# Input for this task
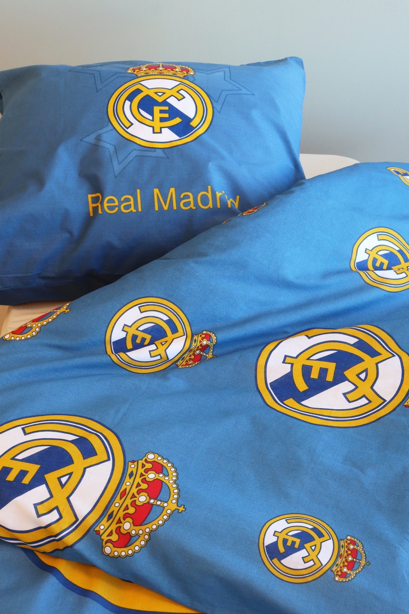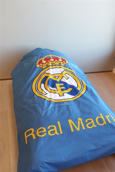 Home » Bedding » Children's bedding » Children's bedding 140x200 cm Real Madrid bedding - 100% cotton - Children's bedding 140x200 cm - Blue football bedding with stars Save28% Licens 47,9934,49EURSave 14,- In stock Quantity Add to basket See more from: Licens Item number: 9386-1 Read our bedding guide See our large selection of sheets See our large selection of duvets Do you have questions about the product? Soft quality that feels comfortable all nightReversible design for two looksSupport your favourite football team Duvet cover: 140x200 cm Pillowcase: 60x63 cm Material: 100% soft cotton Colour: Blue Design: Real Madrid Reversible: - Front: Print of Real Madrid's logo and stars - Back: All-over print with small logos Closure: Duvet cover with buttons and pillowcase with envelope closure Wash: 60°C Tumble dry: Yes Ironable: Yes Certification: STANDARD 100 by OEKO-TEX® (17.HPK.23879). Your guarantee that the product is free from harmful chemicals. Real Madrid bedding 140x200 cm – Blue reversible duvet set for football fans This children's bedding set is made from 100% soft cotton, combining high comfort with durable quality. The pure cotton makes the bedding breathable and comfortable against the skin, giving your child the best conditions for a good and secure night's sleep. When you choose children's bedding in 100% cotton, you get: Soft and comfortable against the skin High breathability for a healthy sleeping environment Durable material that withstands wash after wash Children's bedding must be able to withstand a lot. Therefore our cotton bedding can be washed at 60°C, which helps ensure a high level of hygiene. The high wash temperature helps remove bacteria and keeps the bedding fresh and clean. All our children's bedding in 140x200 is OEKO-TEX certified. It is your guarantee that the bedding has been tested and is free from harmful chemicals. When you choose OEKO-TEX certified bedding, you choose reassurance and safety for your child. Create a genuine football universe in the children's room with this Real Madrid bedding 140x200 cm in a beautiful blue colour with stars. This duvet set is perfect for young football fans who love Real Madrid CF and want their favourite team in bed with them. Browse for favourites and much more in our large selection of accessories for the children's room Return to Children's bedding 140x200 cm Customers also bought PlayStation bedding - 100% cotton - Children's bedding 140x200 cm - Gray PS5 bedding In stock 47,9927,49EUR Add to basket
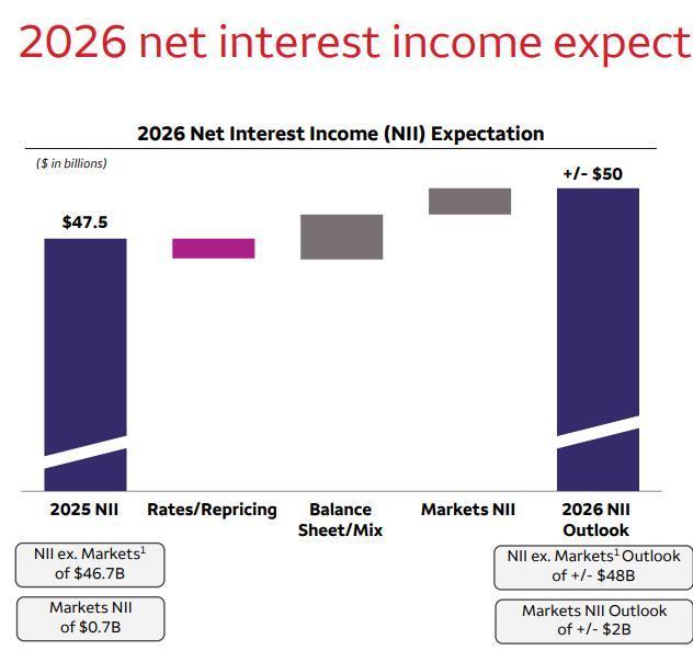 该季度净利息收入(NII)为123.3亿好意思元,同比增长4%,低于分析师预测的124亿好意思元,这是贷款业务的主要利润开头。这使得全年净利息收入达到475亿好意思元,接近其此前预测的2025年净利息收入与2024年基本捏平。Q4非利息收入为 89.6 亿好意思元,同比增长5%。
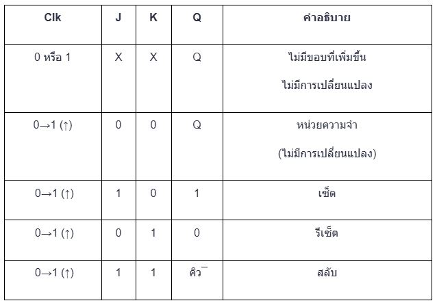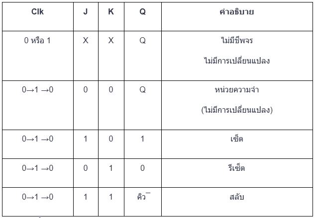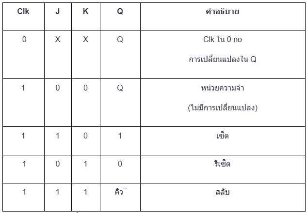 อินพุต J และ K ของฟลิปฟล็อป JK สามารถใช้เพื่อตั้งค่า รีเซ็ต หรือสลับเอาต์พุตได้ดังนี้:
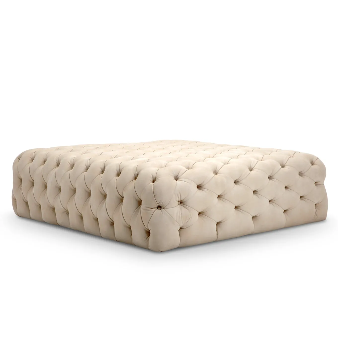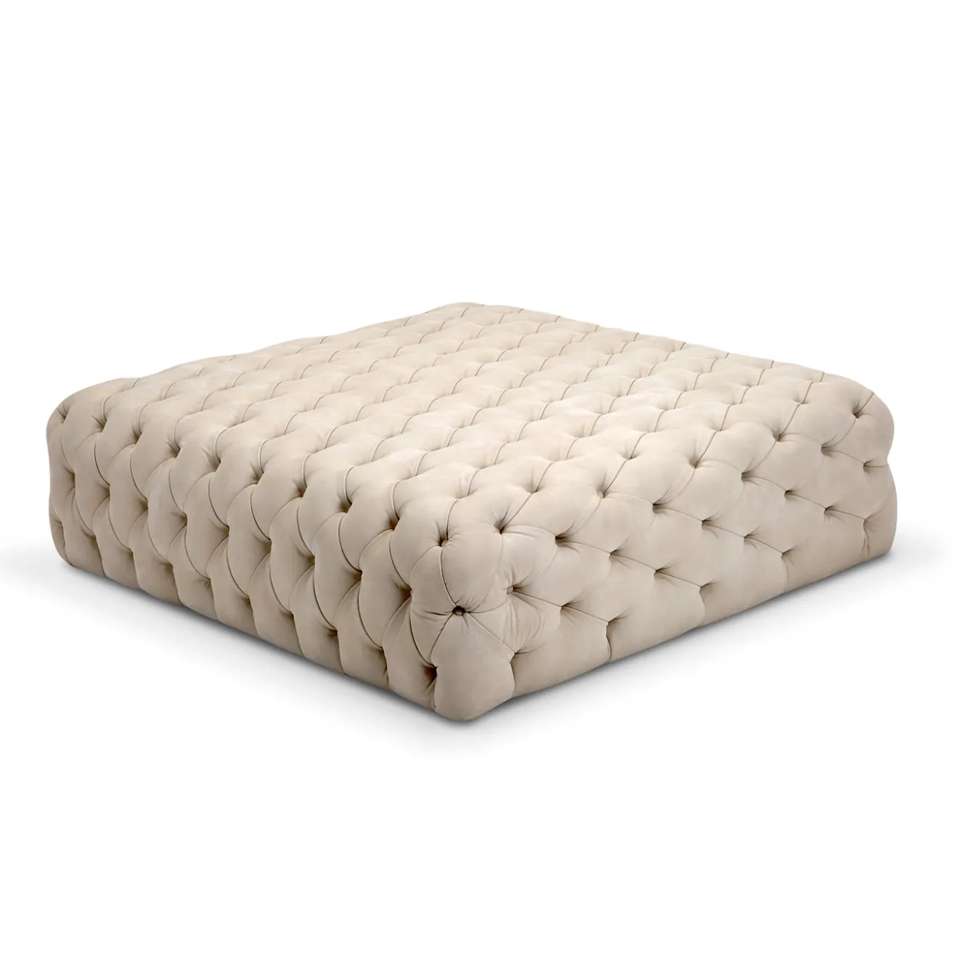 This tufted pouf is entirely padded in multi-density polyurethane foam to give a comfortable feel to its tailored look. The cover is in white Dacron, and the large plywood and fir frame is raised on PVC feet. Available in three sizes (75×75 cm, 100×100 cm and 120×120 cm), this large pouf can be used also as a coffee table.
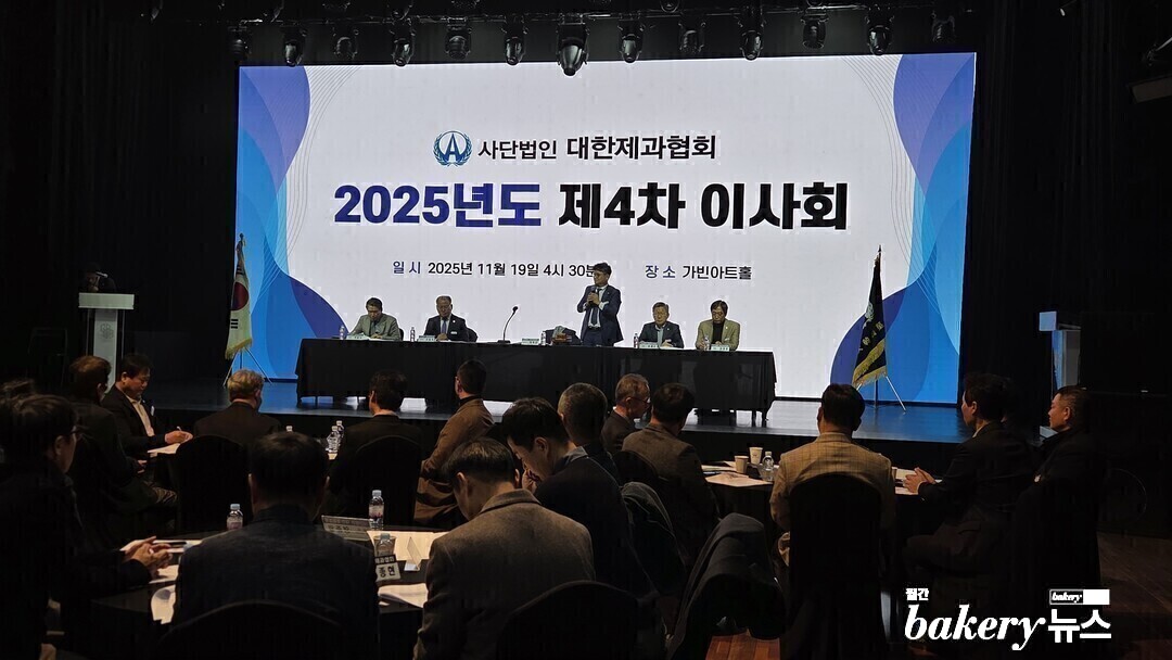 사단법인 대한제과협회가 지난 11월 19일 서울 가빈아트홀에서 ‘2025년 제4차 이사회’를 개최했다. 이날 회의에서는 지난 제3차 이사회 결과보고가 이뤄졌으며, 새롭게 상정된 안건들에 대한 심의가 진행됐다. 이사회에서는 ‘서울 베이커리 페스티벌’ 관련 심의안이 상정돼 원안대로 가결됐다. 이어 최지웅 사무총장이 협회 주요 현안에 대해 종합 보고를 진행했다. 보고 내용에는 △대만 베이커리업계 관계자들의 협회 방문 △우리쌀빵기능경진대회 개최 △지역 베이커리 축제 추진 현황 △서울식품 세미나 진행 상황 △베이커리 산업 안전 및 근로환경 개선을 위한 국회 정책세미나 개최 △나눔세미나 운영 현황 △협회 전산화(디지털화) 작업의 단계별 진행 상황 등이 포함됐다.
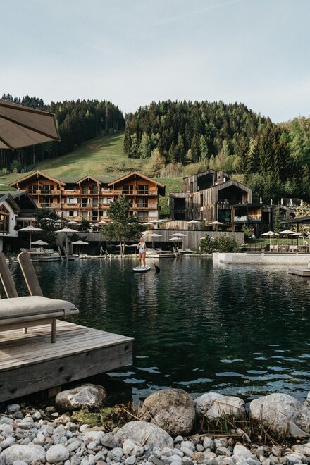 Nestled amidst meadows and private woodlands on the slopes of the Asitz, Naturhotel Forsthofgut offers a five-star retreat featuring Europe’s first waldSPA, a natural bathing lake with panoramic views of the Leogang Mountains, and a 30,000 m² garden. Young guests can explore the miniGUT, an authentic children's farm
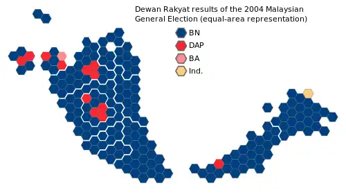 | Elecciones federales de 2004 219 escaños del Dewan Rakyat 110 escaños necesarios para la mayoría (Miembros electos) | |||||||||||
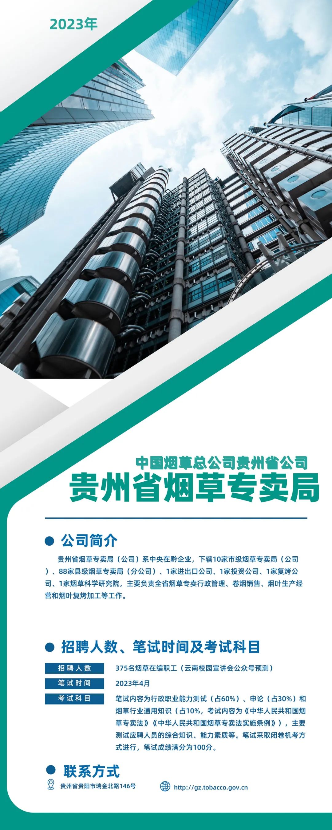 本次共计公开招聘375人,具体招聘单位、专业、岗位、条件,详见附件《2023年贵州省烟草专卖局(公司)公开招聘岗位表》。报考人员可通过以下网站查阅:国家烟草专卖局网站(http://www.tobacco.gov.cn/html/);贵州省烟草专卖局(公司)网站(http://gz.tobacco.gov.cn/)。

# The problem
For this exercise, retype the data above exactly and skip every image.

# Your solution
 Home » Bedding » Children's bedding » Children's bedding 140x200 cm Real Madrid bedding - 100% cotton - Children's bedding 140x200 cm - Blue football bedding with stars Save28% Licens 47,9934,49EURSave 14,- In stock Quantity Add to basket See more from: Licens Item number: 9386-1 Read our bedding guide See our large selection of sheets See our large selection of duvets Do you have questions about the product? Soft quality that feels comfortable all nightReversible design for two looksSupport your favourite football team Duvet cover: 140x200 cm Pillowcase: 60x63 cm Material: 100% soft cotton Colour: Blue Design: Real Madrid Reversible: - Front: Print of Real Madrid's logo and stars - Back: All-over print with small logos Closure: Duvet cover with buttons and pillowcase with envelope closure Wash: 60°C Tumble dry: Yes Ironable: Yes Certification: STANDARD 100 by OEKO-TEX® (17.HPK.23879). Your guarantee that the product is free from harmful chemicals. Real Madrid bedding 140x200 cm – Blue reversible duvet set for football fans This children's bedding set is made from 100% soft cotton, combining high comfort with durable quality. The pure cotton makes the bedding breathable and comfortable against the skin, giving your child the best conditions for a good and secure night's sleep. When you choose children's bedding in 100% cotton, you get: Soft and comfortable against the skin High breathability for a healthy sleeping environment Durable material that withstands wash after wash Children's bedding must be able to withstand a lot. Therefore our cotton bedding can be washed at 60°C, which helps ensure a high level of hygiene. The high wash temperature helps remove bacteria and keeps the bedding fresh and clean. All our children's bedding in 140x200 is OEKO-TEX certified. It is your guarantee that the bedding has been tested and is free from harmful chemicals. When you choose OEKO-TEX certified bedding, you choose reassurance and safety for your child. Create a genuine football universe in the children's room with this Real Madrid bedding 140x200 cm in a beautiful blue colour with stars. This duvet set is perfect for young football fans who love Real Madrid CF and want their favourite team in bed with them. Browse for favourites and much more in our large selection of accessories for the children's room Return to Children's bedding 140x200 cm Customers also bought PlayStation bedding - 100% cotton - Children's bedding 140x200 cm - Gray PS5 bedding In stock 47,9927,49EUR Add to basket
 该季度净利息收入(NII)为123.3亿好意思元,同比增长4%,低于分析师预测的124亿好意思元,这是贷款业务的主要利润开头。这使得全年净利息收入达到475亿好意思元,接近其此前预测的2025年净利息收入与2024年基本捏平。Q4非利息收入为 89.6 亿好意思元,同比增长5%。
 อินพุต J และ K ของฟลิปฟล็อป JK สามารถใช้เพื่อตั้งค่า รีเซ็ต หรือสลับเอาต์พุตได้ดังนี้:
 This tufted pouf is entirely padded in multi-density polyurethane foam to give a comfortable feel to its tailored look. The cover is in white Dacron, and the large plywood and fir frame is raised on PVC feet. Available in three sizes (75×75 cm, 100×100 cm and 120×120 cm), this large pouf can be used also as a coffee table.
 사단법인 대한제과협회가 지난 11월 19일 서울 가빈아트홀에서 ‘2025년 제4차 이사회’를 개최했다. 이날 회의에서는 지난 제3차 이사회 결과보고가 이뤄졌으며, 새롭게 상정된 안건들에 대한 심의가 진행됐다. 이사회에서는 ‘서울 베이커리 페스티벌’ 관련 심의안이 상정돼 원안대로 가결됐다. 이어 최지웅 사무총장이 협회 주요 현안에 대해 종합 보고를 진행했다. 보고 내용에는 △대만 베이커리업계 관계자들의 협회 방문 △우리쌀빵기능경진대회 개최 △지역 베이커리 축제 추진 현황 △서울식품 세미나 진행 상황 △베이커리 산업 안전 및 근로환경 개선을 위한 국회 정책세미나 개최 △나눔세미나 운영 현황 △협회 전산화(디지털화) 작업의 단계별 진행 상황 등이 포함됐다.
 Nestled amidst meadows and private woodlands on the slopes of the Asitz, Naturhotel Forsthofgut offers a five-star retreat featuring Europe’s first waldSPA, a natural bathing lake with panoramic views of the Leogang Mountains, and a 30,000 m² garden. Young guests can explore the miniGUT, an authentic children's farm
 | Elecciones federales de 2004 219 escaños del Dewan Rakyat 110 escaños necesarios para la mayoría (Miembros electos) | |||||||||||
 本次共计公开招聘375人,具体招聘单位、专业、岗位、条件,详见附件《2023年贵州省烟草专卖局(公司)公开招聘岗位表》。报考人员可通过以下网站查阅:国家烟草专卖局网站(http://www.tobacco.gov.cn/html/);贵州省烟草专卖局(公司)网站(http://gz.tobacco.gov.cn/)。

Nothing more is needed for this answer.